--- WHAT TO DO ---
Could you write out exactly, and only, the lines from the one containing "用户情绪、注意力成稀缺资源,IP发展同样" through the last line of the data, leaving out all pictures?

(Stored records)

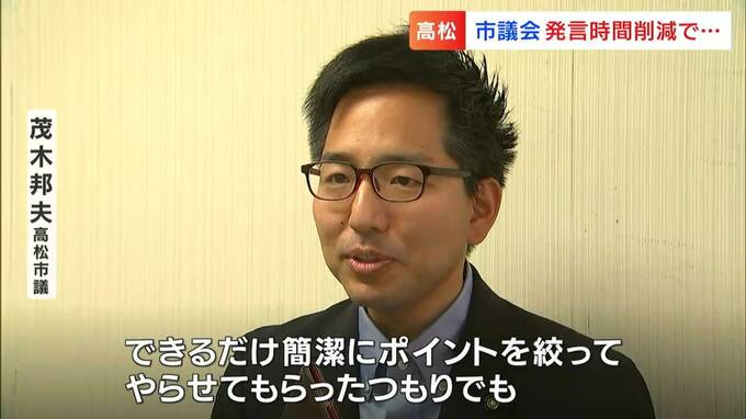 高松市の6月議会では、議事運営の円滑化のため、これまで一律50分だった各会派の代表質問を所属する人数に応じて30分~60分とし、2人以下の会派と無所属議員の質疑は15分に削減しました。
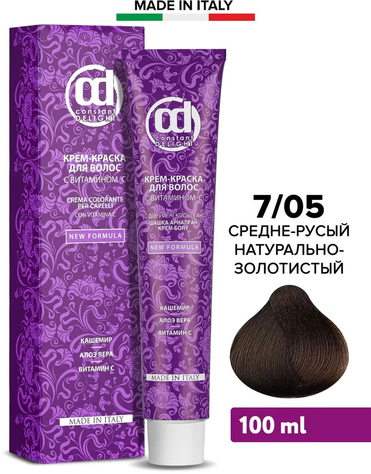 Constant Delight Крем-краска для волос с витамином С, оттенок 7/05 Средне-русый натурально-золотистый
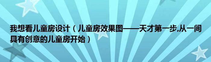 大家好,今天乐乐来为大家解答以上问题。我想看儿童房设计,儿童房效果图——天才第一步,从一间具有创意的儿童房开始很多人还不知道,现在让我们一起来看看吧!
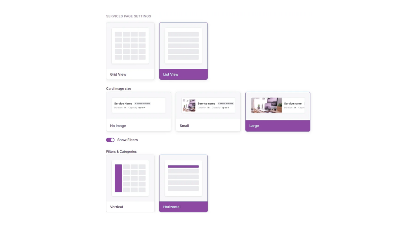 In the “Services Page Settings“, you can specify the presentation of your services on the Services page of the booking website. This includes the desired view of the services section, configuring the service image size, deciding whether filters will appear on the booking website, and determining their orientation, whether horizontal or vertical.
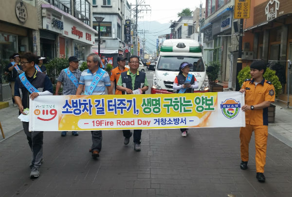 (거창/박현섭 기자) = 거창소방서(서장 손현호)는 지난 20일 소방공무원, 의용소방대원, 유관기관 등 40여명이 참여한 가운데 거창시장에서 출동로 확보를 위한 캠페인을 실시했다.
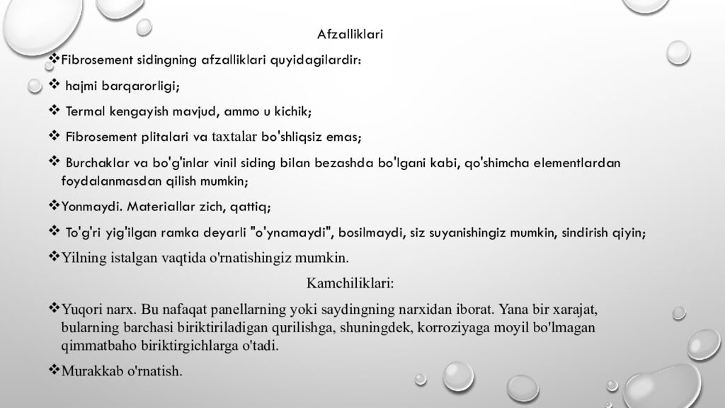 Afzalliklari Fibrosement sidingning afzalliklari quyidagilardir : hajmi barqarorligi ; Termal kengayish mavjud, ammo u kichik ; Fibrosement plitalari va taxtalar bo'shliqsiz emas ; Burchaklar va bo'g'inlar vinil siding bilan bezashda bo'lgani kabi, qo'shimcha elementlardan foydalanmasdan qilish mumkin ; Yonmaydi. Materiallar zich, qattiq ; To'g'ri yig'ilgan ramka deyarli " o'ynamaydi ", bosilmaydi, siz suyanishingiz mumkin, sindirish qiyin ; Yilning istalgan vaqtida o'rnatishingiz mumkin. Kamchiliklari : Yuqori narx. Bu nafaqat panellarning yoki saydingning narxidan iborat. Yana bir xarajat, bularning barchasi biriktiriladigan qurilishga, shuningdek, korroziyaga moyil bo'lmagan qimmatbaho biriktirgichlarga o'tadi. Murakkab o'rnatish.
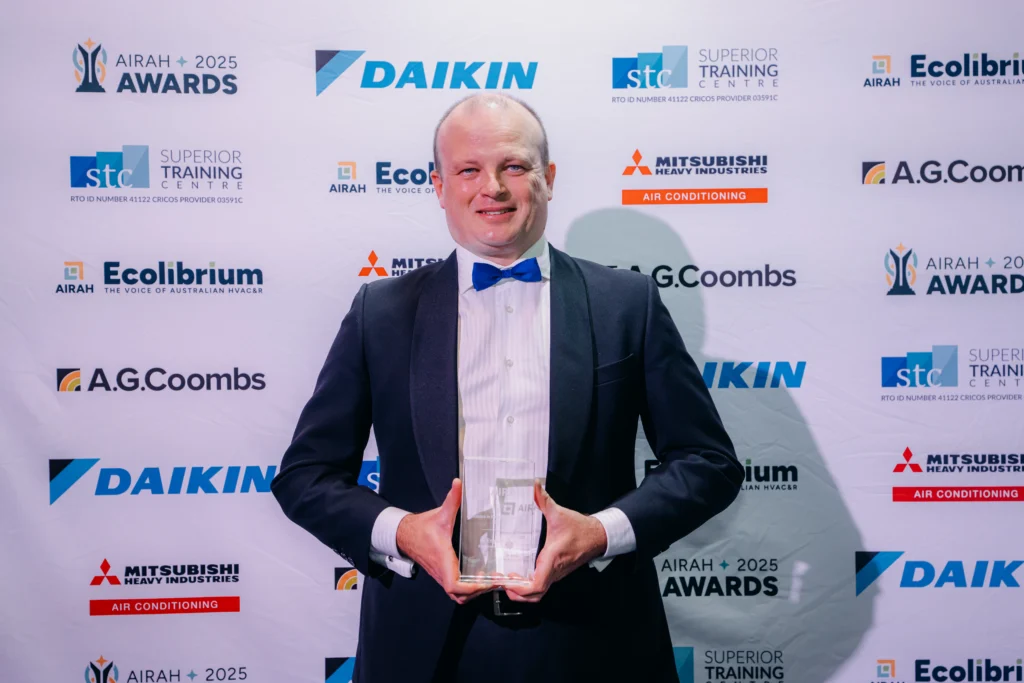 Brett Fairweather, F.AIRAH, has been recognised with the Excellence in Knowledge Building award at the 2025 AIRAH National Awards for his outstanding contribution to training, education and professional development across the HVAC&R industry.
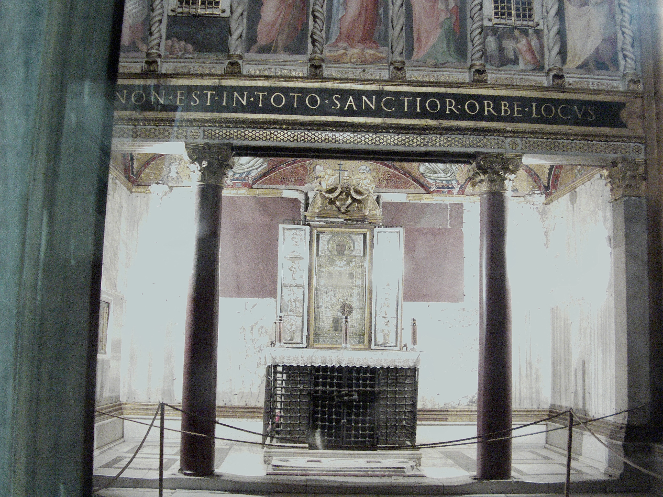 Across the street is the Santa Scala (the Holy Stairs) which, according to pious legend, were brought to Rome by St. Helen in the early 4th century from the praetorium of Pontius Pilate in Jerusalem where Jesus stood in trial before the Roman authority that condemned him to death. They were originally placed of the Lateran palace, but moved to the current site in the late 17th century. Here they ascend to the Sancta Sanctorum (Holy of Holies), once the private chapel of popes and so-called because of the extent of the reliquary contained therein. The inscription above the chapel at the top of the holy stairs even reads non est in toto sanctior orbe locus (Nowhere in all the world is holier than this place).
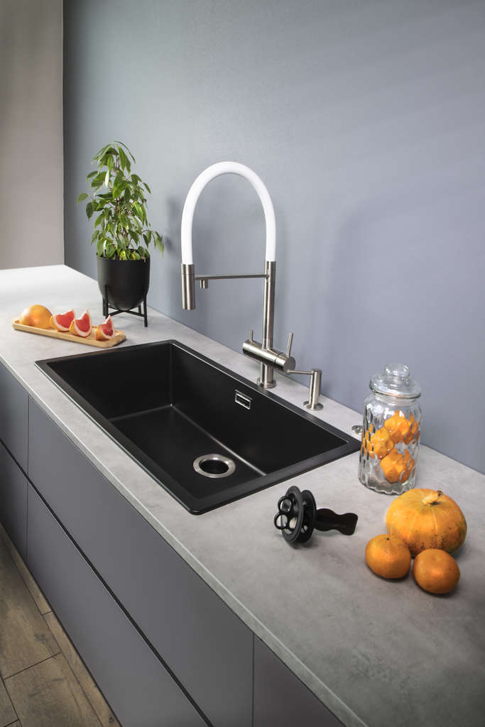 Интегрированная — встраиваемая модель из того же материала, что и столешница. Благодаря этому она выглядит как часть мебели.
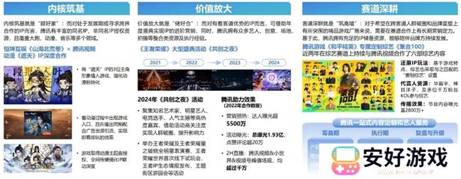 用户情绪、注意力成稀缺资源,IP发展同样需借力营销随着更多产品注重IP影响力的价值,用户情绪、注意力将成更稀缺的资源,与之相关的竞争将由蓝海转为红海。这意味着未来,IP发展状况与营销的关联将更紧密,取得高声量、高用户渗透等成果需要更适合自身IP的方式、更优质的运营资源、更高效的营销举措。而在自身资源、经验的带动下,高质量的合作伙伴将成营销效果的重要助力。其中,腾讯广告是高质量合作伙伴的典型代表,腾讯广告基于过往经验探索出适用于IP各阶段的运营思路,例如梳理出三项重要的IP运营目标:内核筑基、放大价值、赛道深耕,并给出实现每项目标的高效率方式:借力其他数字IP帮助内核筑基,通过品牌延展放大IP价值,运用人群破圈及品牌重塑来深耕赛道、持续打造IP壁垒。目标与实现方式之下,已经涌现的众多成功案例,也证明了腾讯广告的思路与执行能力。而在切实的营销效果之下,预计将有更多IP与腾讯广告合作。
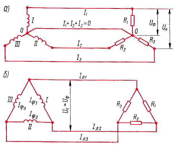 Напряжение Uд между линейными проводами принято называть линейным напряжением, а напряжение на каждой фазе Uф — фазовым напряжением. Токи в каждой фазе одновременно являются и линейными токами.
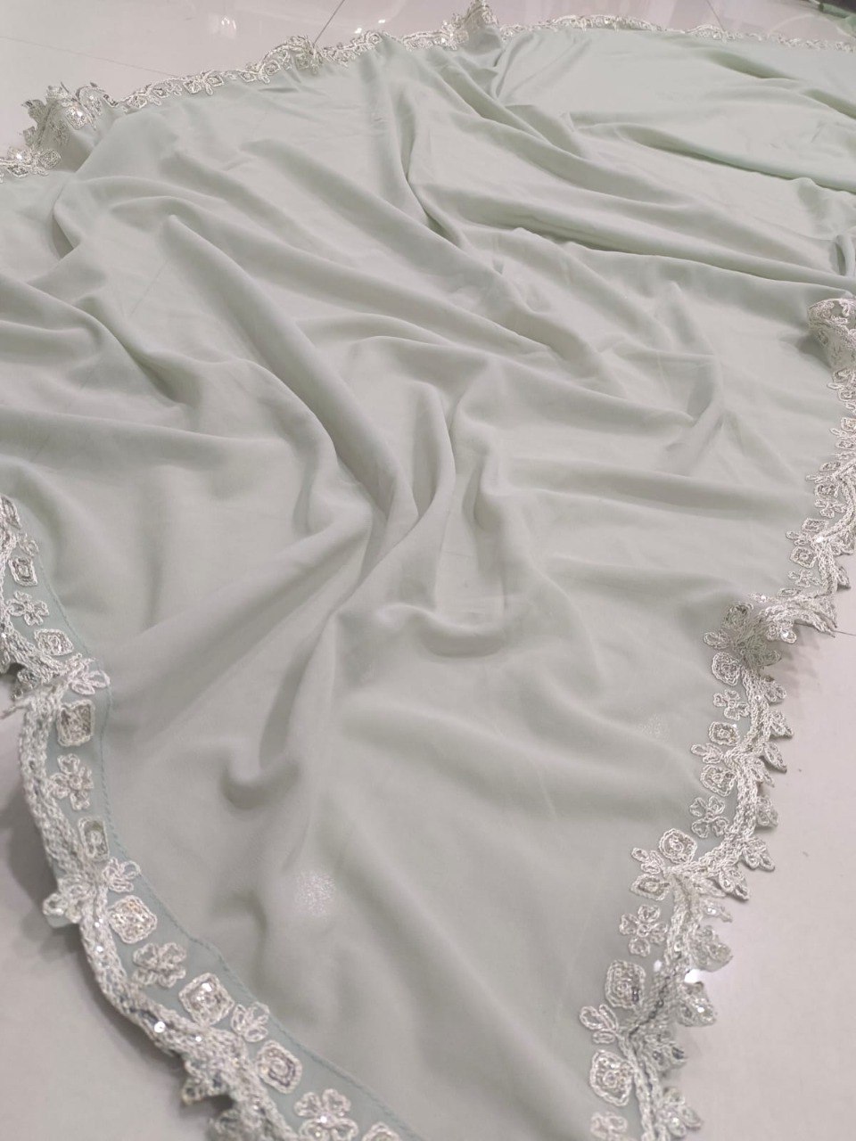 Sea Green Crush Work Georgette Lehenga Set

--- REPLY ---
 用户情绪、注意力成稀缺资源,IP发展同样需借力营销随着更多产品注重IP影响力的价值,用户情绪、注意力将成更稀缺的资源,与之相关的竞争将由蓝海转为红海。这意味着未来,IP发展状况与营销的关联将更紧密,取得高声量、高用户渗透等成果需要更适合自身IP的方式、更优质的运营资源、更高效的营销举措。而在自身资源、经验的带动下,高质量的合作伙伴将成营销效果的重要助力。其中,腾讯广告是高质量合作伙伴的典型代表,腾讯广告基于过往经验探索出适用于IP各阶段的运营思路,例如梳理出三项重要的IP运营目标:内核筑基、放大价值、赛道深耕,并给出实现每项目标的高效率方式:借力其他数字IP帮助内核筑基,通过品牌延展放大IP价值,运用人群破圈及品牌重塑来深耕赛道、持续打造IP壁垒。目标与实现方式之下,已经涌现的众多成功案例,也证明了腾讯广告的思路与执行能力。而在切实的营销效果之下,预计将有更多IP与腾讯广告合作。
 Напряжение Uд между линейными проводами принято называть линейным напряжением, а напряжение на каждой фазе Uф — фазовым напряжением. Токи в каждой фазе одновременно являются и линейными токами.
 Sea Green Crush Work Georgette Lehenga Set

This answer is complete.